2.1 Procedure Outline

Step 1: Convolution

Step 2: Max pooling

Step 3: Flattening

Step 4: Full Connection

2.2 Convolution

$$(f*g)(t)\overset{def}{=}\int_{-\infty }^{\infty}f(\tau )g(t-\tau )d\tau $$

Convolution is basically a combined integration of two function and it shows you how one function modified the other

2.3 Stride and Feature detector(Kernel or Filter) and Feature map(Convolved feature or Activation map)

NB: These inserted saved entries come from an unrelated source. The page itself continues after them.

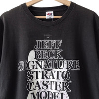Jeff Beck Legendary Guitarist Signature Fender Stratocaster Tribute Tee. Tag MF Matfia Japan, made in China. Size : L Measurement : Width (Armpit-armpit) : 21 Inch Length (Shoulder to bottom) : 27 Inch Material : Cotton Condition : A A+ = Perfect! (Almost new/new/deadstock) A = Great (All in good shapes. No fade spot/fades). B+ = Vintage looks (minor fade spot/fades). B = Vintage looks with minor defect (stain/rip or hole/minor damage). Please read our shop policies before buying. Please also check the details and measurement. If you need further details, do contact us. Thank you for viewing!
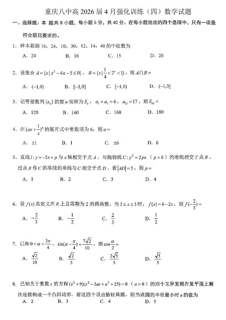 重庆八中高2026届4月强化训练(四)数学.pdf
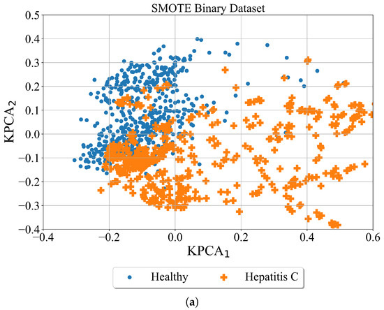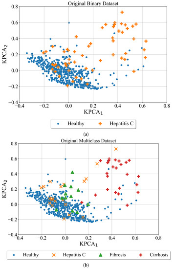 In Figure 6 the results of SMOTE over-sampling technique to both binary and multi-class datasets are shown. As seen in the binary case the minority class (Hepatitis-C) is oversampled. The region of this class is now much larger although both classes overlap. In the case of the multiclass problem, three minority classes (Hepatitis C, fibrosis, and cirrhosis) are oversampled. The number of samples is much larger than in binary case and the overlapping occurs between all 4 classes.
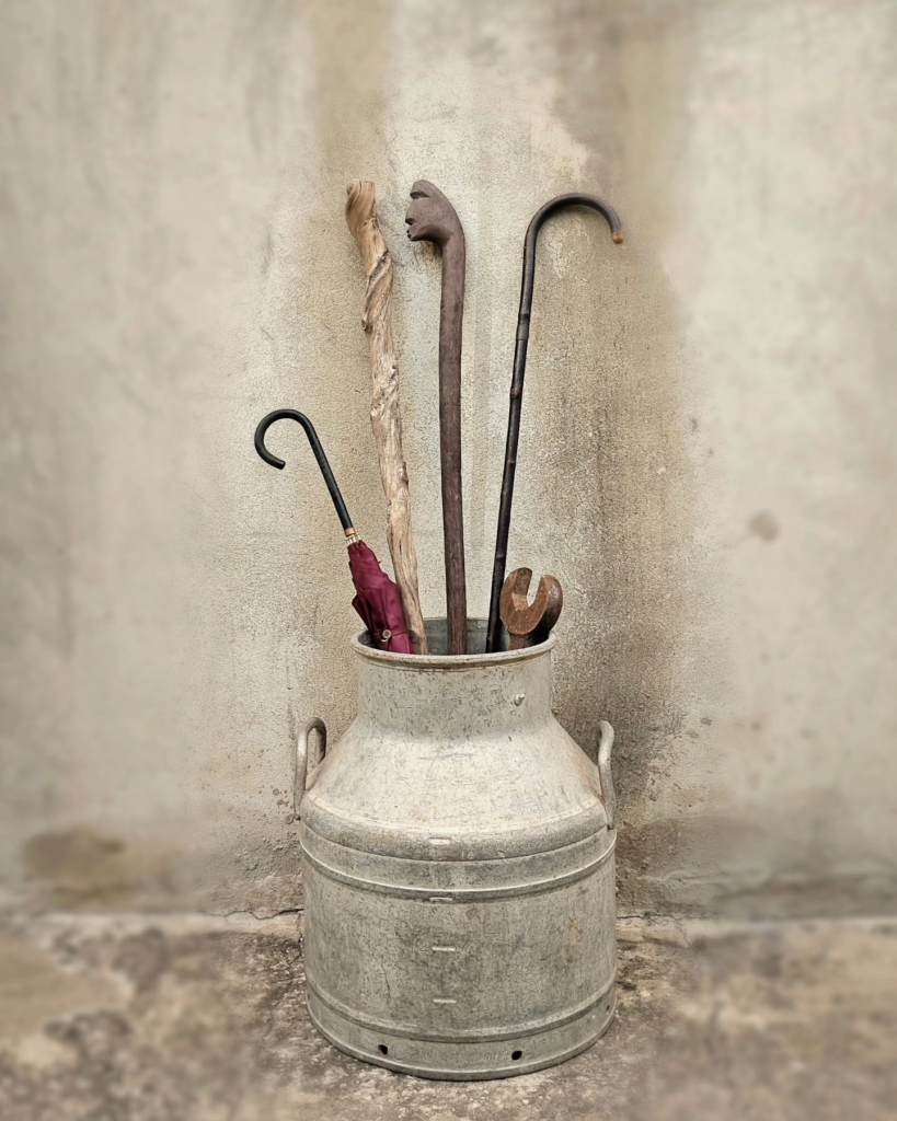 Vintage milk cans can be used in a variety of ways in the garden. You can drill a hole in the bottom and use them as planters.

Reduce the size of the input image

2.3.1 Feature detector

The purpose of feature detector is detecting features, certain part of image that are integral

It detect where certain features are in the image

Each Feature detector has a certain pattern on it. The highest number you can get is when the feature matches exactly.

Some information losing

Neural networks they will decide for themselves what's important what's not and it probably won't even recognizable to human eye. You won't be able to understand what those features mean but the computer will decide ant that's the beauty of Neural networks that they can process so many different things and understand without even having that intuition and without having that explanation why they will understand which features are important to them.

2.3.2 Feature

Features is how we see things, is how we recognise things because we don't look at every single pixel in what we see on an image or in real life but look at features which are nose, the hat, the feather, the eyes. we look at features and that's what we're preserving.

2.3.3 Feature map

Feature map helps us preserve what it allows us to bring forward and get rid of all the unnecessary thigns that even as humans we don't process there's so much information going into your eyes at any given time like gigabytes of information if you look at every single dot. And still we're able to process that because we get rid of what is unnecessary we only focus on the important features.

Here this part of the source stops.